The regulatory authorities issued a formal warning to Hyundai Motor Securities for incomplete sales practices.
According to financial sources on the 29th, the Financial Supervisory Service uncovered violations such as incomplete sales of financial investment products and breaches of investment advertising procedures during its inspection of Hyundai Motor Securities. They violated obligations under the Capital Markets Act, including the duty to comply with suitability principles, the duty to explain important matters, and the prohibition of unfair solicitation during the fund sales process. Three former employees involved in fund sales were subjected to disciplinary actions equivalent to a three-month salary reduction or a reprimand.

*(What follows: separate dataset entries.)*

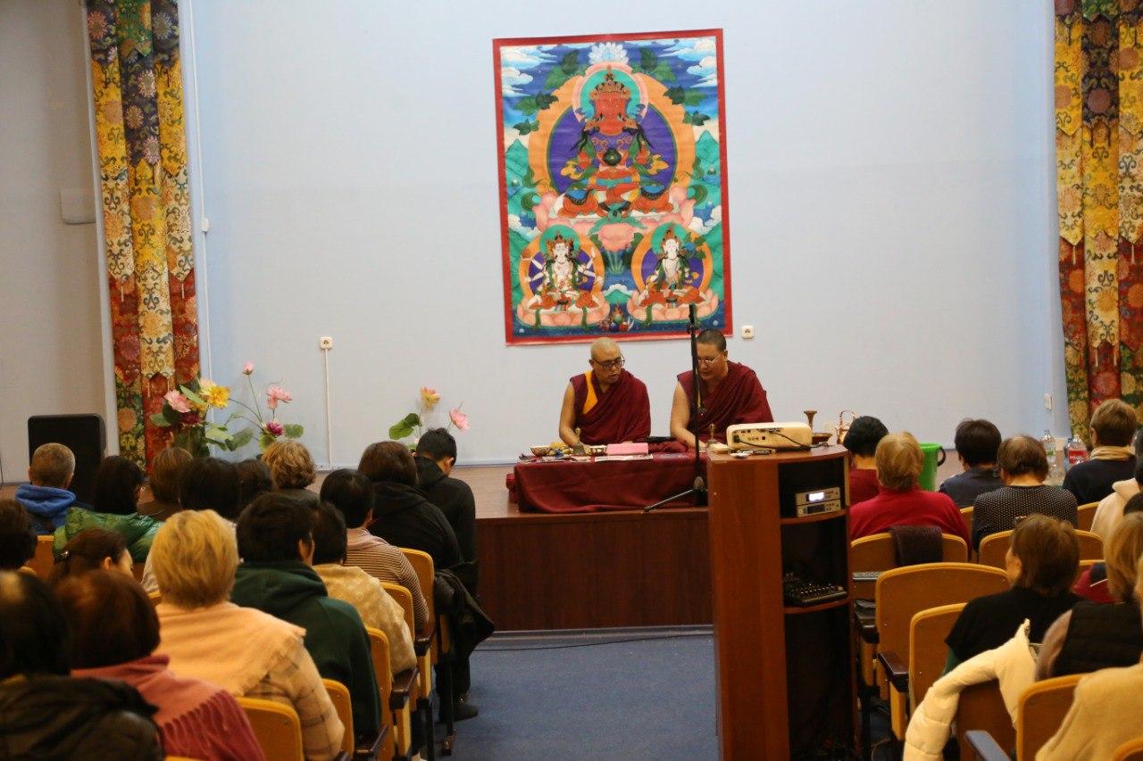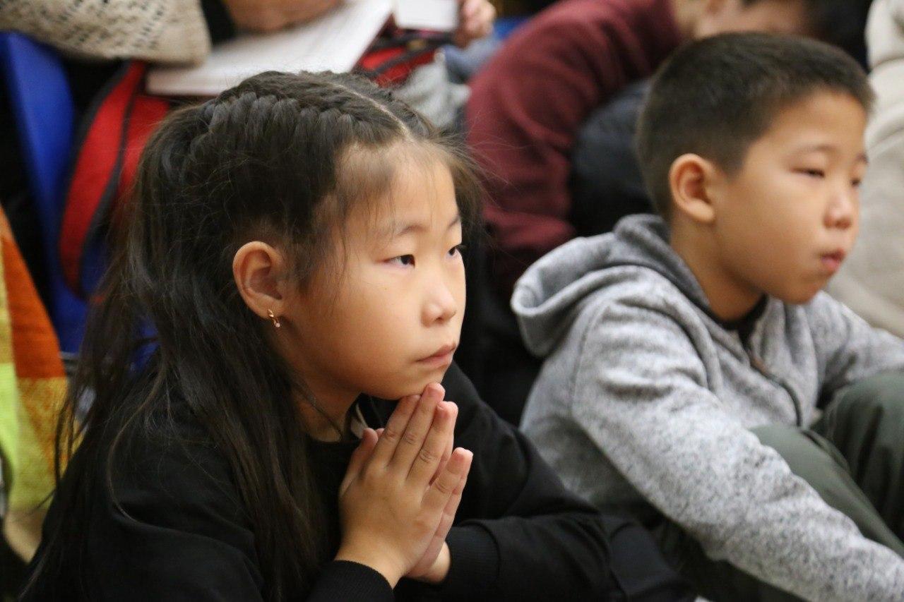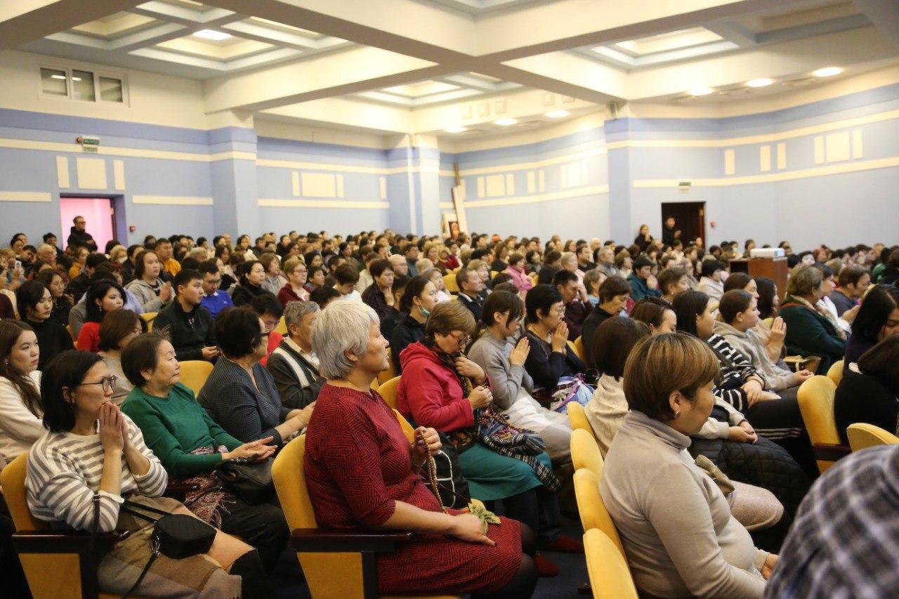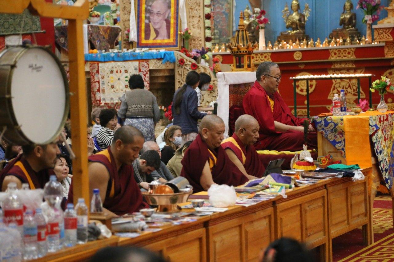 За благополучие и долгую жизнь всех живых существ сегодня молились сотни верующих. В «Золотой обители Будды Шакьямуни» состоялся первый из шести ритуалов продления жизни. Сегодня все молитвы возносили богине долголетия Белой Таре. Было многолюдно, участники ритуала располагались и в дугане, и в конференц-зале, и даже на третем уровне хурула - от мала до велика просили Богиню о самом сокровенном.
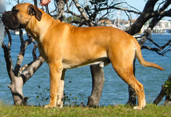 Arrow has a BEAUTIFUL temperament, an AMAZING presence and GREAT movement for such a big boy. We will be forever grateful to his breeders Terrence & Kerry Kelly from Bullarmour Bullmastiffs for entrusting us with our beautiful boy.
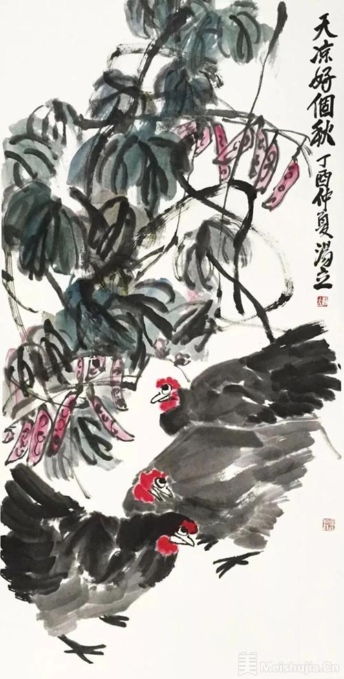 在这种文化背景下,汤氏父子坚定地提出了“既超越传统,又纯粹中国气派”的艺术主张,他们砥砺前行,勤奋耕耘,在当代中国大写意花鸟画领域里的开拓创新,成就斐然;其承前启后、继往开来的独特风范和时代担当,犹闻钟磬共振,遥感惊雷。
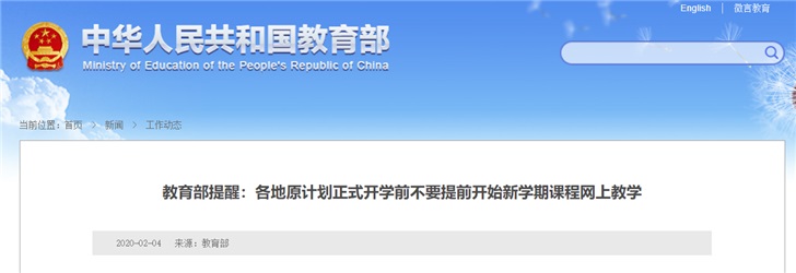 教育部:各地原計(jì)劃正式開學(xué)前不要提前網(wǎng)上教學(xué)
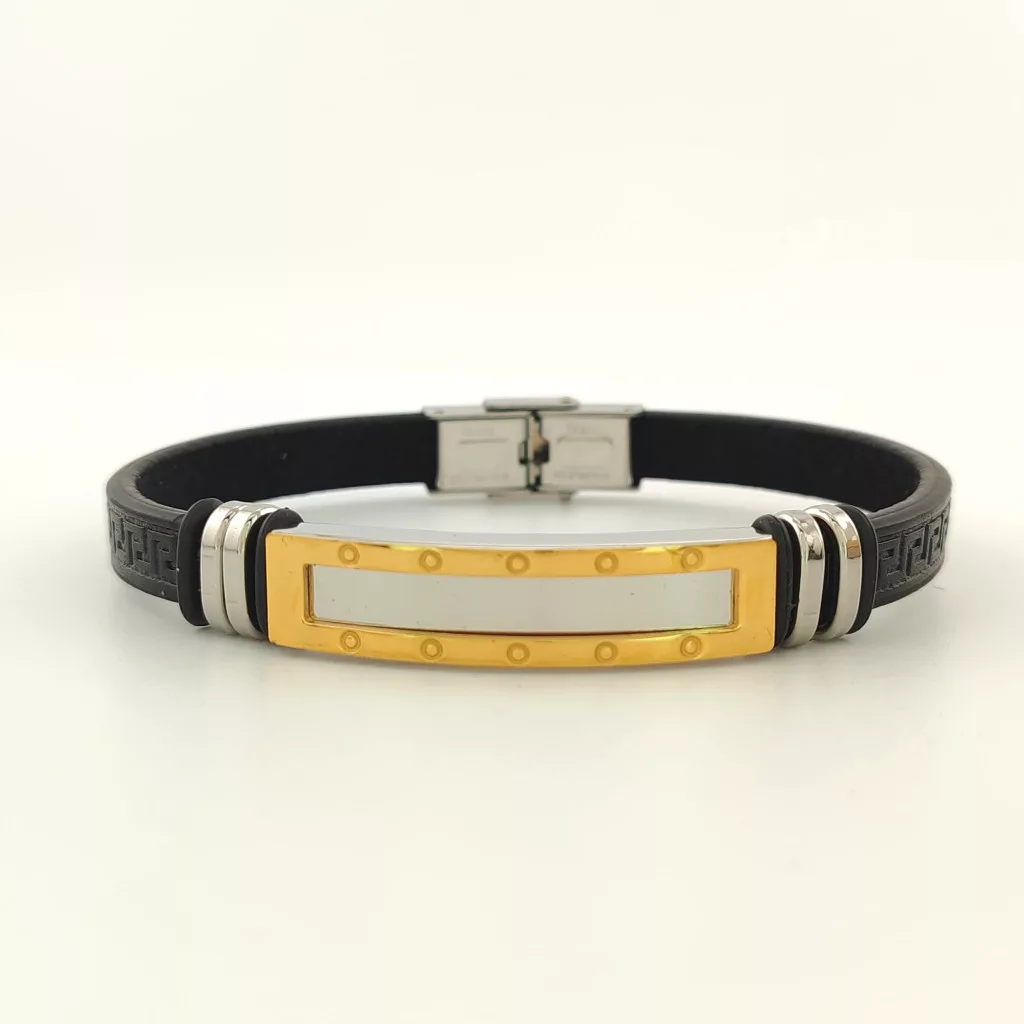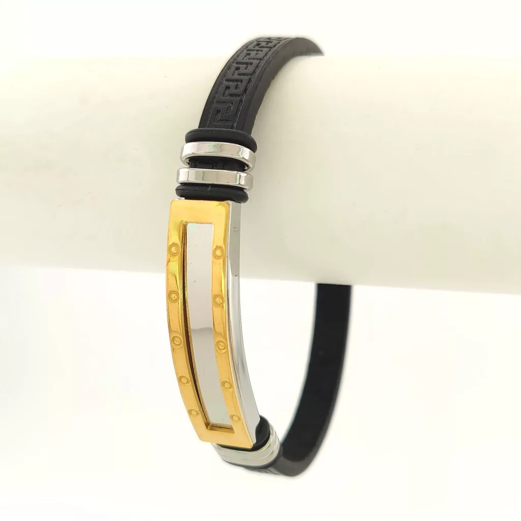 Fekete bőr, görög mintával díszített karkötő, arany-ezüstszínű nemesacél (316L) betéttel.
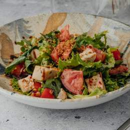 Тёплый салат с куриным филе, томатами, луком, соусом чили-мёд. Украшается кремом бальзамик и попкорном из киноа
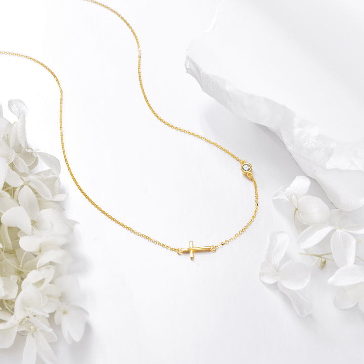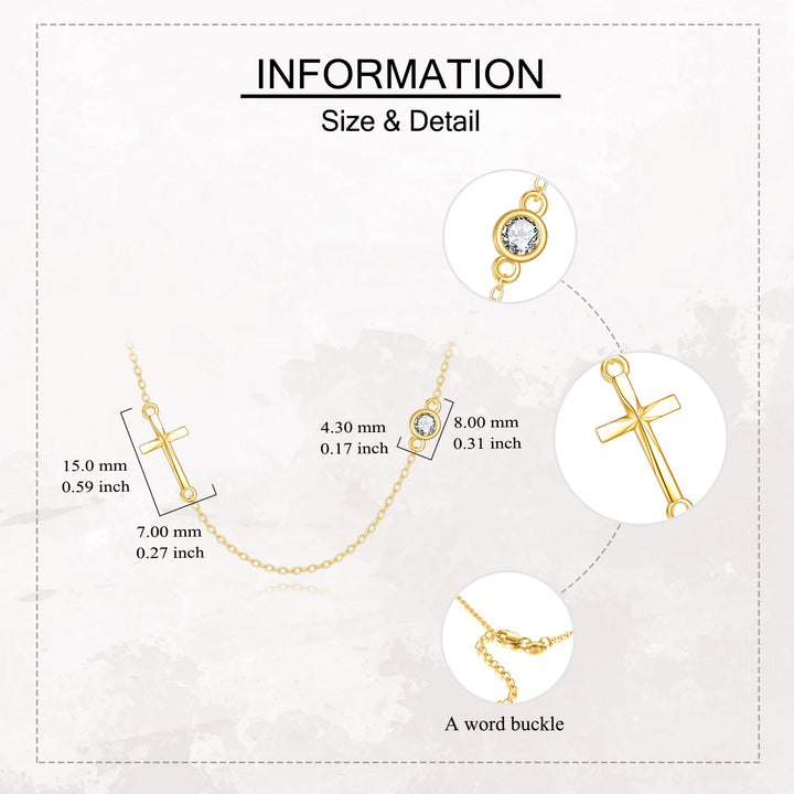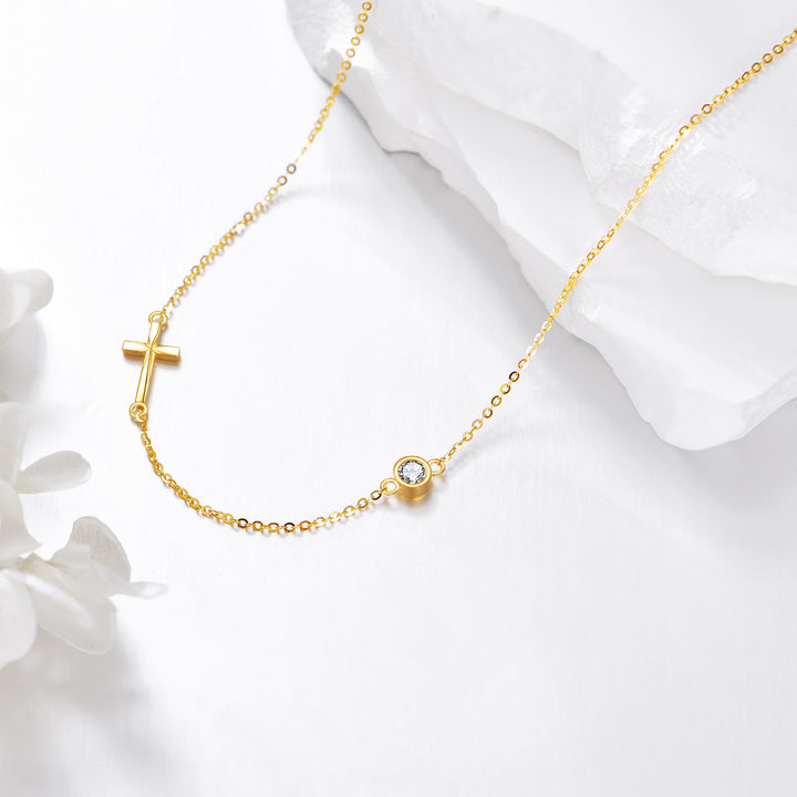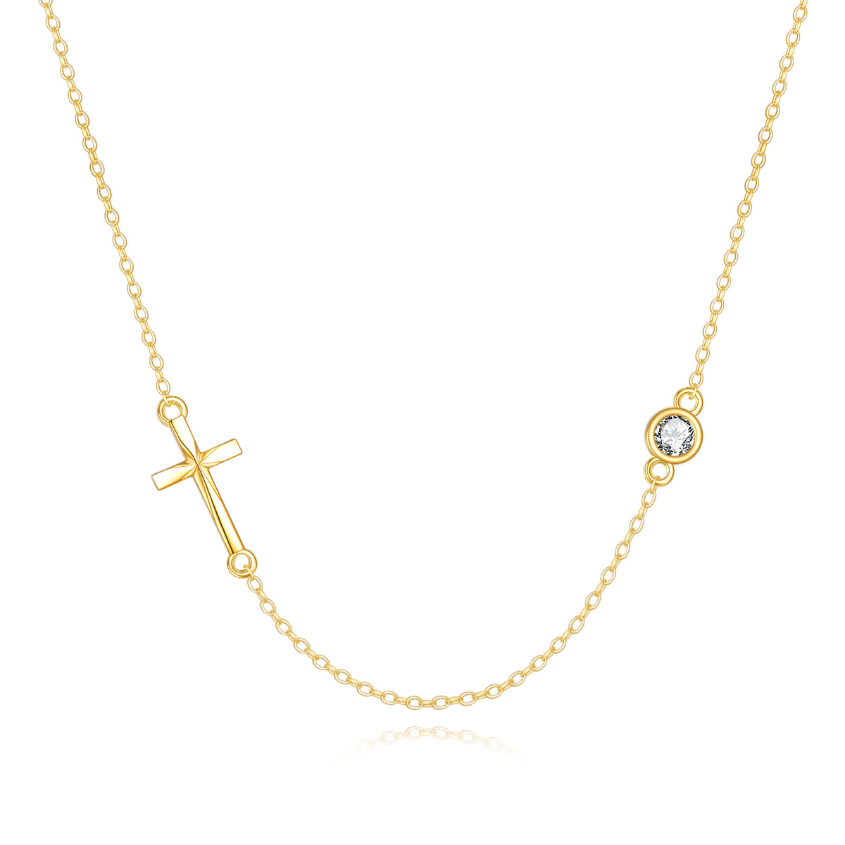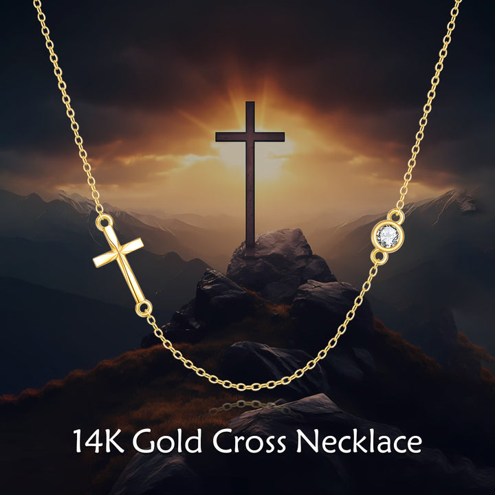 14K Gold Circular Shaped Cubic Zirconia Cross Pendant Necklace

Hyundai Motor Securities sold 178 cases of funds worth 40.6 billion KRW from June 2017 to June 2019. It was found that they violated the duty to explain by recommending investments based on expired (2-year validity) investment propensity data or by omitting and distorting important information.
Team A of Hyundai Motor Securities launched a fund investing in Italian healthcare bonds in October 2017, using the phrase "invests only in accounts receivable with relatively stable and predictable cash flows." It was revealed that they used investment proposals containing information that could mislead investors into believing that Italian healthcare bonds were similar to Italian government bonds in terms of creditworthiness.
Team B of Hyundai Motor Securities was found to have omitted investment risks when launching fund products from June to July 2017. They did not actively disclose that if the local developer, who provided credit enhancement, had poor sales performance, the repayment of principal and interest would be uncertain.
It was also pointed out that two employees from Hyundai Motor Securities Branch C sent investment advertising text messages to customers in June 2017 without prior approval from the compliance officer.
Aegis Asset Management failed to submit regular reports on derivative trading status of general private collective investment schemes within one month from the reference date from June 2017 to September last year. The regulatory authorities imposed a fine of 54 million KRW.